EXERCISE DIRECTIONS: Keep the pictures out. Restate the entries below word for word.

##### EXCERPTED RECORDS #####

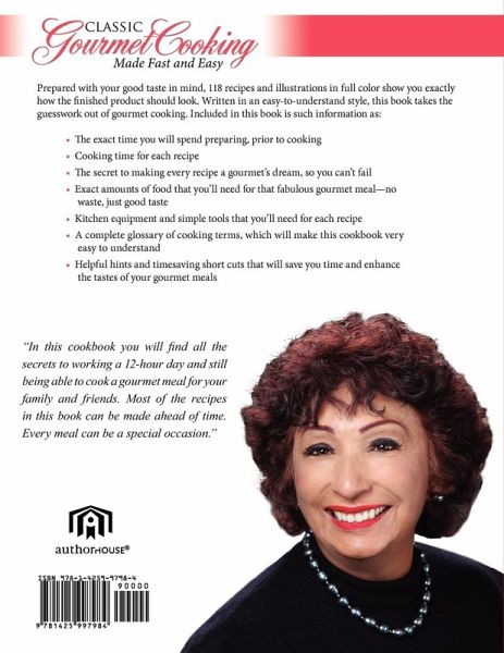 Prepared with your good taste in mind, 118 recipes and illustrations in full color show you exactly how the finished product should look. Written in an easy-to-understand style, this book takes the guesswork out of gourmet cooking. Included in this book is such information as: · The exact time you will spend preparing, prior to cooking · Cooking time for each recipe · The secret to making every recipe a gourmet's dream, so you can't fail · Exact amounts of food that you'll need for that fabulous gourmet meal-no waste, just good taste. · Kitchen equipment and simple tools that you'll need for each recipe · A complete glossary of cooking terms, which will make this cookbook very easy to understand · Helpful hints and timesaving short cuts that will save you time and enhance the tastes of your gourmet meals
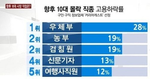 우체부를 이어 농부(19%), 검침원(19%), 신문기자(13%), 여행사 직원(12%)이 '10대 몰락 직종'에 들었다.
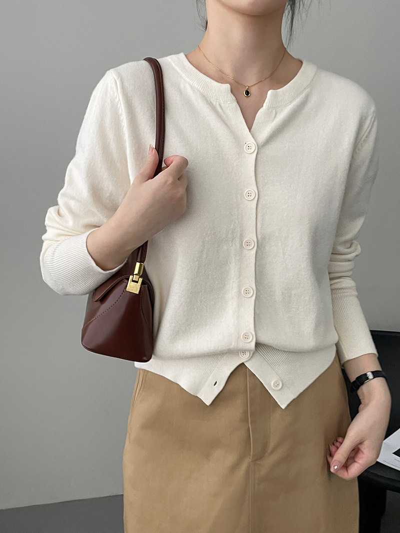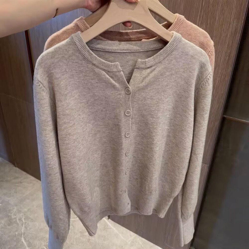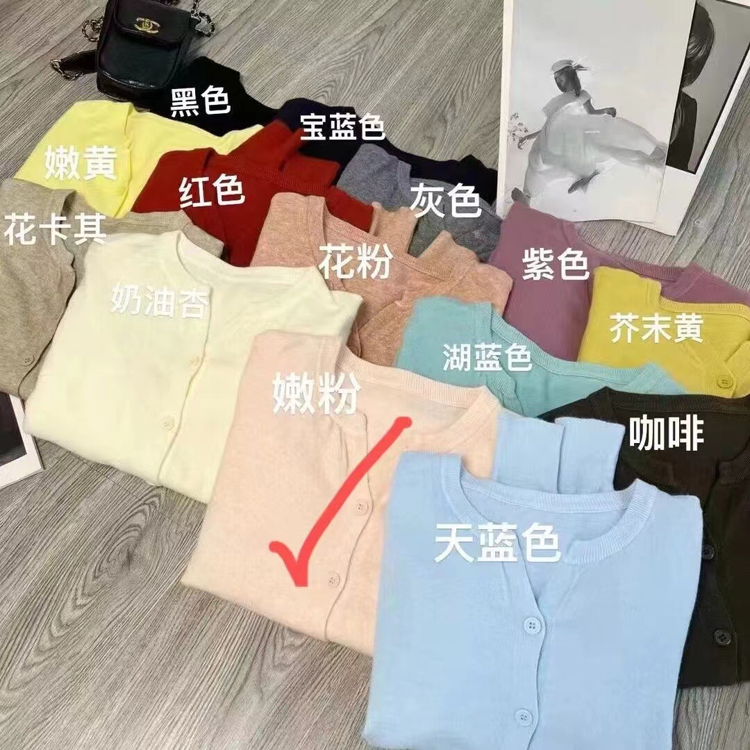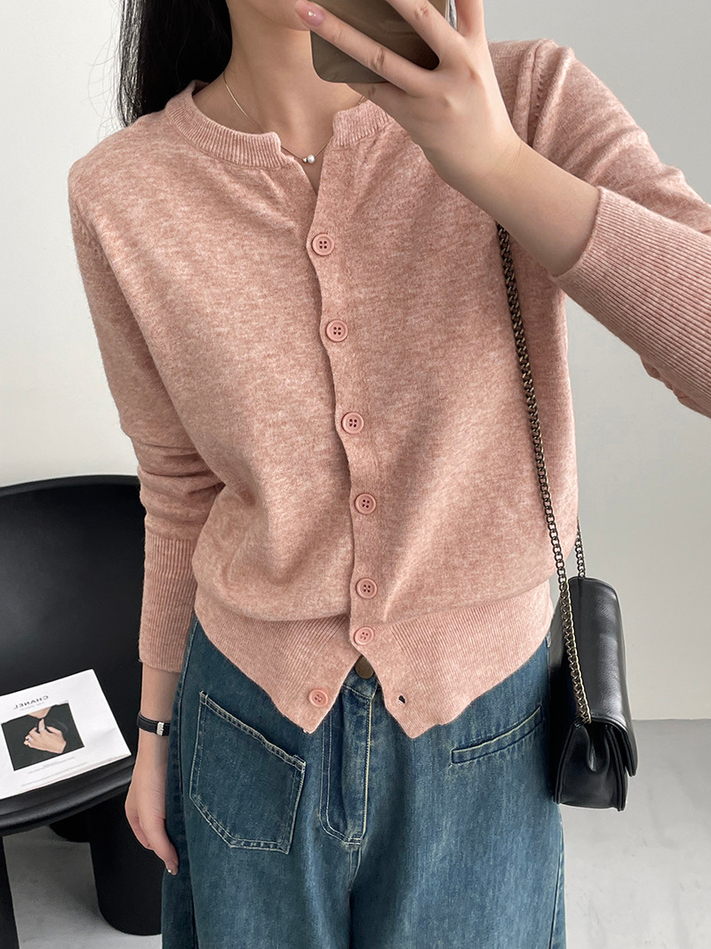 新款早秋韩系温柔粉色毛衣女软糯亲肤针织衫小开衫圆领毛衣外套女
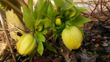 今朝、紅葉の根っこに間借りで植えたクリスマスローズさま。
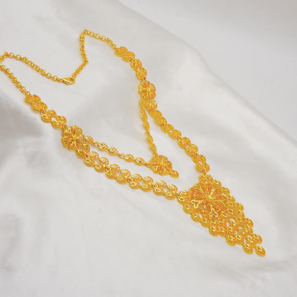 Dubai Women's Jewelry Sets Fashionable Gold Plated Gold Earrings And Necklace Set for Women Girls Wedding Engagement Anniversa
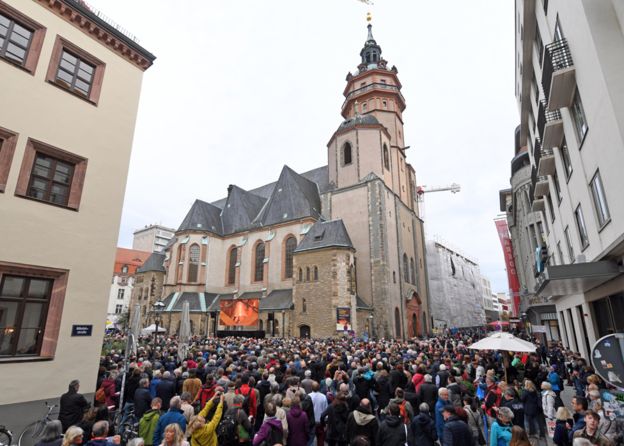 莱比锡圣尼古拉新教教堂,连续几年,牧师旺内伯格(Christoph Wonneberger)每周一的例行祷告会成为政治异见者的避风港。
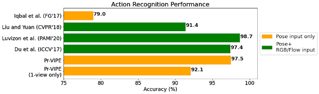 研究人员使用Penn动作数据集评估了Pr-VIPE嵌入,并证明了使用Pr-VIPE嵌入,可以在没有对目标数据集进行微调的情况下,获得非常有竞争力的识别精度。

#####

RESULT:
 Prepared with your good taste in mind, 118 recipes and illustrations in full color show you exactly how the finished product should look. Written in an easy-to-understand style, this book takes the guesswork out of gourmet cooking. Included in this book is such information as: · The exact time you will spend preparing, prior to cooking · Cooking time for each recipe · The secret to making every recipe a gourmet's dream, so you can't fail · Exact amounts of food that you'll need for that fabulous gourmet meal-no waste, just good taste. · Kitchen equipment and simple tools that you'll need for each recipe · A complete glossary of cooking terms, which will make this cookbook very easy to understand · Helpful hints and timesaving short cuts that will save you time and enhance the tastes of your gourmet meals
 우체부를 이어 농부(19%), 검침원(19%), 신문기자(13%), 여행사 직원(12%)이 '10대 몰락 직종'에 들었다.
 新款早秋韩系温柔粉色毛衣女软糯亲肤针织衫小开衫圆领毛衣外套女
 今朝、紅葉の根っこに間借りで植えたクリスマスローズさま。
 Dubai Women's Jewelry Sets Fashionable Gold Plated Gold Earrings And Necklace Set for Women Girls Wedding Engagement Anniversa
 莱比锡圣尼古拉新教教堂,连续几年,牧师旺内伯格(Christoph Wonneberger)每周一的例行祷告会成为政治异见者的避风港。
 研究人员使用Penn动作数据集评估了Pr-VIPE嵌入,并证明了使用Pr-VIPE嵌入,可以在没有对目标数据集进行微调的情况下,获得非常有竞争力的识别精度。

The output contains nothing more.